Non-EEA residents
For those people who have a UK pension and are resident outside of the EEA, the OTC
will be applied unless the Qrops and member are in the same country or territory, for example Australia, or where the transfer is being made to an overseas occupational
type arrangement.
This brings into question whether the OTC has been applied fairly and consistently. The reason it has been applied is primarily to target those who are using Qrops to avoid paying income tax.
However, the UK’s Treasury has taken a very broad brush approach and the charge is impacting many people who are not trying to avoid tax.
It would be legitimate to ask why an expatriate living in Europe does not have to pay the OTC, but an expatriate living in Asia does. Certain expatriate groups in non-EEA countries have lobbied the government on this point.

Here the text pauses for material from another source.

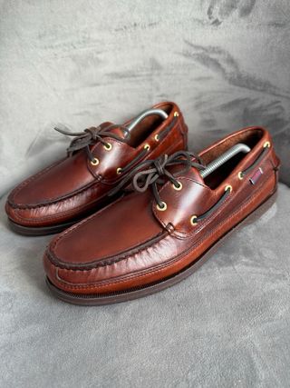 Mocasines Sebago de cuero en color marrón. Un clásico para cualquier ocasión. - Diseño náutico. - Cordones de ajuste. - Ojales metálicos.

There will be many circumstances where Qrops in Australia will be used (there are about 1.2 million British expats living there) and the OTC will not apply in these cases because the member is living in the same country as the pension scheme is established in.
See case study 3 below:
Case study 3
Robert has a number of UK pensions. He currently lives and works in Australia and intends to retire there.
Robert’s adviser recommends that he considers transferring his UK pensions into an Australian pension that has a Qrops certificate.
Robert will not have to pay an overseas transfer charge as he will be transferring to a Qrops that is in the same country in which he
is resident.
There is a limited market for more ‘same country’ Qrops to be developed in countries such as New Zealand, Isle of Man, Guernsey, Jersey, Ireland, Hong Kong, Switzerland, and South Africa, which already have schemes on the HMRC list.
Trustees of schemes in these countries, along with all other Qrops trustees needed to confirm to HMRC by 13 April 2017 that they wished to remain on the Qrops list and are able to administer the OTC.
This would allow residents of these countries to transfer to a Qrops in appropriate circumstances without an overseas transfer charge being applied.
In other areas, there will still be clients who have UK pensions and require advice. Sipps will become the most regularly used solution for non-EEA resident clients.
Qrops had previously been oversold by some advisers and also sold when a UK Sipp would have been a more appropriate solution. An example of this might have been when a client was working overseas on a short-term employment contract but intended to return to the UK at some point.
Going forward, advisers who have been giving their clients holistic, appropriate advice will win over those advisers who have been selling Qrops as a default solution for a non-UK resident client with a UK pension.
Other pensions planning solutions, such as overseas annuities and qualifying non-UK pension schemes, should be considered in appropriate circumstances.
Unintended consequences
One unintended consequence of the increased use of UK Sipps will be that underlying investments will have to be selected more carefully than has often been in
the past.
UK Sipp managers will not have a problem with the use of offshore bonds but they will wish to see commission being disclosed and will need to be satisfied that the underlying investments selected are appropriate to the clients’ circumstances.
Flexible drawdown
One other reason for using Qrops for residents of non-EEA countries may be when full flexible drawdown is required and the client wishes to withdraw the whole fund.
Since the introduction of flexible drawdown in the UK many more people have withdrawn their full pension than was originally anticipated.
There is an ‘under the mattress’ mentality whereby because individuals are able to withdraw their full pension they will. This may not be the best thing for them to do and in some cases is likely to occur when the client has not been advised.
If an adviser does have a client who insists upon flexible drawdown there can be planning opportunities, the client suddenly has a very large sum within their estate which generates a potential inheritance tax liability and these funds require investing.